Effects of biophysical variables on hindcasted stock productivity (1993–2020). In (a), estimated slopes for temperature, chlorophyll, and mixed layer depth versus stock productivity, in the first and last instance scaled by ×100 for visualization. Thick and thin bars represent 66% and 95% confidence intervals (CIs), respectively. In (b) and (c), the species were respectively sorted by increasing temperature and chlorophyll slopes, with transparency inversely indicating the significance, defined as 95% CI (the Bayesian CI, parameters from 1000 GLMMs, indicating the uncertainty originated from productivity hindcast) without zero.
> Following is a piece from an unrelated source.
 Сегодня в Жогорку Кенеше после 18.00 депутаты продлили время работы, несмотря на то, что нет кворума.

In contrast to the variable temperature‐mediated productivity response, chlorophyll was predominantly linked to a positive effect (Figure 6a, Table S3). Specially, 71 species (171 stocks) exhibited positive slopes, and 37 species (105 stocks) showed negative slopes (Figure 6c). Interestingly, the spatial pattern of the relationships mirrored that for temperature and productivity. The slope of CHL increased nearly linearly (p = 0.0002) from Arctic to Antarctic waters (Figure S8b). For the ‘Top 5’ stocks (Figure 6c), round sardinella and southern blue whiting again appeared as above, while European plaice and petrale sole were once more ranked among the ‘Bottom 5’. In more detail, the species clearly benefited from increased chlorophyll also included striped red mullet ( Mullus surmuletus ), swordfish ( Xiphias gladius ) and Patagonian toothfish ( Dissostichus eleginoides ). At the other end of the response spectrum, in addition to the two flatfishes, were yellowtail flounder ( Limanda ferruginea ), skipjack tuna ( Katsuwonus pelamis ) and winter flounder ( Pseudopleuronectes americanus ).
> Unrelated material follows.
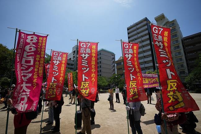 5月21日,民眾聚集在日本廣島袋町公園,抗議七國(guó)集團(tuán)峰會(huì)。新華社記者 張笑宇 攝

Generally, the slope of mixed layer depth vs. productivity was weakly negative, associated with a reasonably narrow 95% confidence interval (Figure 6a). Due to model convergence, no random effect was presently considered.
Stock Productivity Forecasts
3.5
Similar to the previous hindcast, most stocks in this forecast did not show any significant directional effect in productivity (Supplementary texts, Figure S9). Chiefly, towards the end of this century the best GLMM projection—including temperature, chlorophyll, and mixed layer depth data from the three ESMs (IPSL‐CM6A‐LR, MPI‐ESM1‐2‐LR, and NorESM2‐LM)—led to harmonized patterns. The Atlantic featured the highest proportion of stocks with reduced productivity, particularly in the Northwest (Area 21) and Northeast (Area 27), where > 30% of the stocks would likely become less productive, that is, display a negative effect. The selected suite of emission scenarios—SSP1‐2.6, SSP2‐4.5 and SSP5‐8.5—provided comparable results in terms of indicated directions (Figure S9).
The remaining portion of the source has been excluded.